How to Pay for College Before You Even Graduate! | Mulling it to Miller

How to Pay for College Before You Even Graduate!

College. While those years had some of the best memories for me, I can remember the agony and angst leading up to the decision of WHERE TO GO TO SCHOOL. There are so many factors that go into making this decision and while it shouldn’t be made lightly, I fully understand how overwhelming this can be (especially when you have added family pressures added to the mix).

Going to school, for most of us, requires quite a bit of debt to be taken on. Yes, I am talking about that dreaded conversation of “financing your college education”… the one you have probably been avoiding for quite some time.

Debt in generally is a pretty scary topic. Student debt can be even more overwhelming. As I mentioned in my post on how I paid of my student loans, a lot of potential/future students see that large number they will owe at the end of their 4-years and stray away from the school of their dreams. While every situation is different, and college may not be for everyone – take Steve for example – you should fully analyze all of your options before making a rash decision.

There are an extraordinary amount of resources available to potential students both online, at your local high school or potential college/university. This means THERE IS NO EXCUSES. Take advantage what people have already laid out for you. And as I always say, it never hurts to ask!

As a student who graduated with both a bachelor’s and master’s degree, I’ve unfortunately have been down the road which encompassed student loans… it wasn’t fun and it sure wasn’t pretty. My hopes of sharing my story with you is to help you avoid the stereotypical student saga of drowning in debt after graduation.

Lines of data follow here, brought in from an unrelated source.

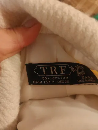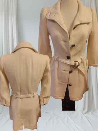 Elegante chaqueta de Zara en color beige, con un diseño entallado que realza la figura. Perfecta para añadir un toque sofisticado a cualquier atuendo. - Cierre abotonado. - Cinturón a juego con hebilla metálica. - Cuello solapa. - Mangas tres cuartos. - Tendría que reforzarse uno de los botones, como se ve en la foto, pero está en perfecto estado.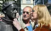 Marie-Louises skulptur ”Det Svenska Svårmodet” med rinnande tårar avtäcks i Altonaparken i centrala Malmö 2004. Konstnären och modellen Gösta är på plats. Foto: TT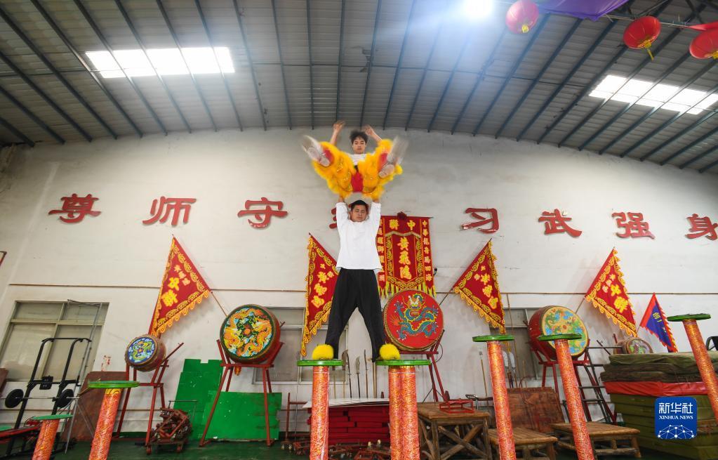 1月13日,在佛山市南海区黄飞鸿中联龙狮训练基地,选手在训练高桩醒狮。

In order to pay for these next four years, I knew nothing was going to be handed to me. I took on debt (student loans), worked on campus through work study programs, and found several jobs off-campus throughout my four years. While this was definitely time consuming and inconvenient at times, I can honestly say it was the smartest decision I had made. I was able to graduate from Bentley EARLY (with a dual-undergraduate degree and Master’s) with just under $40,000 worth of debt. While this was still a LARGE number by any standards, it was definitely more manageable than my starting point. While my methods may not be for everyone, I am hoping this little bit of advice will help YOU make the decision which is BEST FOR YOU!

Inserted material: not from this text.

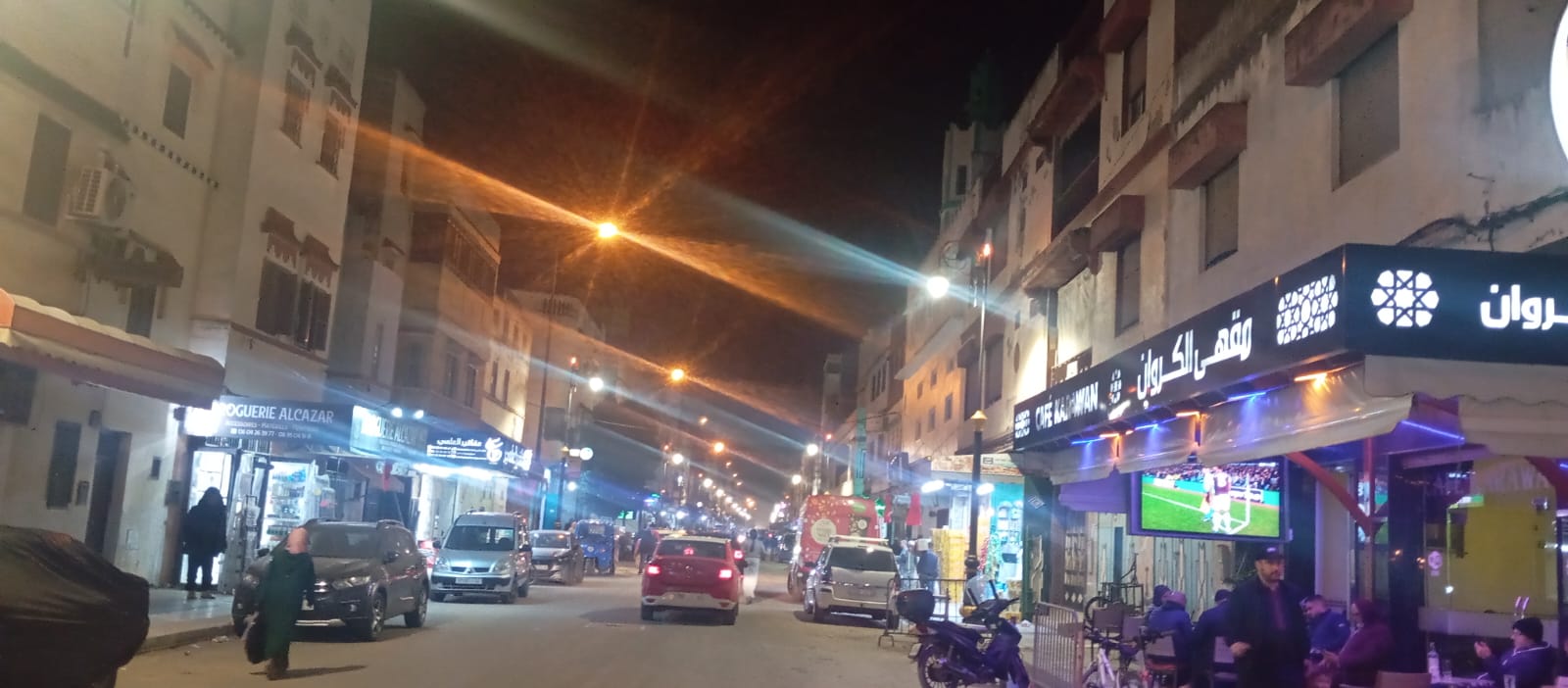 القصر الكبير : شارع عبد المالك السعدي (دوار العسكر) يكتسي حلة جديدة بعد تطوير الإضاءة، والمطالبة بتعميم الإصلاحات على المدينة بأكملها.

Things I did BEFORE COLLEGE to help:

  • Hustle: I think I LIVED at our high school guidance counselor’s office; constantly badgering about different scholarship opportunities our community had or even national scholarships that I was eligible. In the end, I probably applied to at least 30 scholarships. Granted, I obviously was not awarded all of them, but I was surprised at just how many I did receive. Even if they were only $250-$500, that pays for your books for a semester or potentially the year if you spend it wisely! Even throughout college, I constantly searched for new scholarships I was eligible for – this pool is constantly evolving so don’t stop searching and applying! This also goes for your financial aid package from your school; this can change each year so make sure you are in constant contact with your financial aid office! You can follow-up with them to see what scholarships/grants you weren’t eligible and how you could change that for future years!
  • Work: Yes, we all want to indulge in the final years of high school making memories with our friends. But, let’s face it while those experiences are irreplaceable, that’s not going to pay the bills. I babysat two nights a week after my sport’s practices and then worked during the summer. This extra cash definitely added up and helped pay for my groceries/gas while at school. Living expenses ARE A FACTOR of your college costs, something we sometimes forget.
  • Research: While going to the school of your dreams is super important, you must make sure it also offers the courses you need for your degree. There was one school I absolutely fell in love with during our tour, but they were not accredited in accounting. While, I wasn’t positive that this is the path I wanted to go down, I knew that something as big as earning a degree from an accredited college in this field was something important. In addition to the courses offered, make sure you full understand all of the fees involved with each school for an apples to apples comparison; make an Excel spreadsheet.

Things I did IN COLLEGE to help:

  • Work on Campus: I worked in the accounts payable office a minimum of 8 hours per week. While my work-study provided 8 hours, I would constantly ask the department if they needed extra assistance, if another student called-out could I pick-up their hours, etc. The little bit made the difference and I would say I averaged at least 10 hours per week (2 hours more! An extra roughly $20; remember EVERY DOLLAR COUNTS – literally)
  • Work off Campus: While as a freshman, finding a part-time internship around my college was difficult, I was able to secure a babysitting job. Unfortunately, freshmen were not allowed to have cars, except for unique situations. This was not one of them. SO, this babysitting-gig was approximately 1.5 miles from campus. I WALKED. It got me exercise and alleviated having to go to the gym as much J win-win. After my freshman year, I was able to find other internship opportunities, which made slightly more $, but also helped me build a stellar resume for graduation. My 3rd year at school, I even worked 2-3 days per week from 7:00AM – 5:00PM and then went directly to class (night classes were offered where they met only once per week from 6:30PM – 9:50PM).
  • Get a Summer Job: During the summer, I tried to find jobs that would help make me the most cash. Since I had internships during the school year, I was less concerned about building my resume *(my only summer business internship was my junior going into senior year summer). I became a full-time babysitter for a lovely family 2-towns over from where my family lived, which was only about a 20-minute drive each way. It was great and I cherish those summers!

Do you have any suggestions for a future or current college student???

2 COMMENTS

  1. Ravi Chahar (@ravichahar27) | 28th Apr 17

    Hey Courtney,

    College time is one of best times of our life. We all enjoy, have some unforgettable memories but when it comes to pay for its semester books and all, it can be scary.

    Working is the option everyone should choose. Maybe people can work part time to earn some extra money.